Son medidas que causan
revuelo en los Estados Unidos porque, algunos señalan, limitan las libertades
individuales. Por mi parte quisiera colocar el acento en otro cambio que
considero importante.
Hace unas tres décadas se
libró una importante batalla política y mediática en torno a las recomendaciones oficiales sobre lo que es
una buena alimentación. En esa lucha los grandes perdedores fueron los
alimentos con alto contenido de grasas, en particular colesterol y grasas
hidrogenadas (aceites que se hidrogenan para solidificarlos). Las campañas de
buena nutrición se centraron en recomendar la disminución del consumo de grasas
y no la de azucares.
Una importante razón ha
sido, hasta la fecha, que los productores de grasas se encuentran altamente
dispersos y muchos de ellos son relativamente pequeños; en cambio los
productores de refrescos azucarados son empresas monstruo con alta capacidad mediática.
Sencillamente tienen más fuerza económica y política.
No obstante la situación
empieza a cambiar. Salen a la luz estudios que señalan como culpable principal
de la obesidad a los azucares, incluyendo la alta fructosa.
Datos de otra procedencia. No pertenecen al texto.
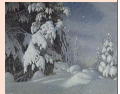
上. カール・ラーション《カードゲームの支度》1901年 油彩、カンヴァス スウェーデン国立美術館蔵 下. グスタフ・フィースタド《冬の月明かり》1895年 油彩、カンヴァス スウェーデン国立美術館蔵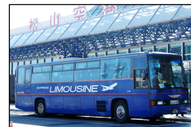
空港と市内を結ぶリムジンバス

行政、観光産業、大学とNPOソフィア倶楽部が連携し、地域が一体となった体験交流型観光の地域ネットワーク化を図るとともに、友好都市ピョンテク市(韓国)や愛媛県と姉妹提携しているハワイ州(米)からの訪日教育旅行の受入を促進。(VJC地方連携)

Ocurre que la grasa engorda
pero quita el hambre y al crear una sensación de satisfacción tiende a establecer
un límite a su ingestión. De cualquier manera podemos excedernos y sobre todo
en los Estados Unidos es evidente que el empaquetamiento de postres, helados y
alimentos está diseñado para inducir un consumo que va más allá de la mera
satisfacción del hambre.
Sin embargo el caso del azúcar
y la fructosa es peor. Por sí mismas contribuyen muy poco a saciar el hambre y
por ello prácticamente no presentan este límite. Si aparte de ello ocurre que
su fórmula contiene sal (para dar más sed) y cafeína (para dar una sensación de
dinamismo y generar cierta adicción) puede decirse que se trata de bebidas
diseñadas para rebasar con mucho el límite de la mera hidratación y ciertamente
inducir el exceso.
Francia va algo más allá que
la ciudad de Nueva York. El primero de enero del año entrante pone en vigor un
impuesto de un centavo de euro (unos 17 centavos de peso) por cada refresco
azucarado. Hungría por su parte impuso un impuesto a los alimentos y refrescos
altos en grasas, azúcar y/o sal. Finlandia y Dinamarca ya cuentan con impuestos
a los refrescos azucarados mientras que Rumanía está planeando crearlos.
Se trata de una nueva
tendencia: poner impuestos y encarecer los alimentos y refrescos que contribuyen
a la mala salud de la población. De este modo entran a una categoría cercana al
consumo de cigarros o de alcohol y en la que se busca limitar sus malos efectos
en la salud de la población mediante el encarecimiento de su consumo.
No se trata, sin embargo,
del extremo adoptado por Bolivia, donde a partir de este próximo 21 de
diciembre ya no será posible consumir la principal bebida de cola del planeta
“por su contenido de substancias perjudiciales para la salud”. Será paradójico
que en este país en donde el consumo y el comercio de hoja de coca es legal
pronto vaya a generarse un comercio clandestino de la otra coca.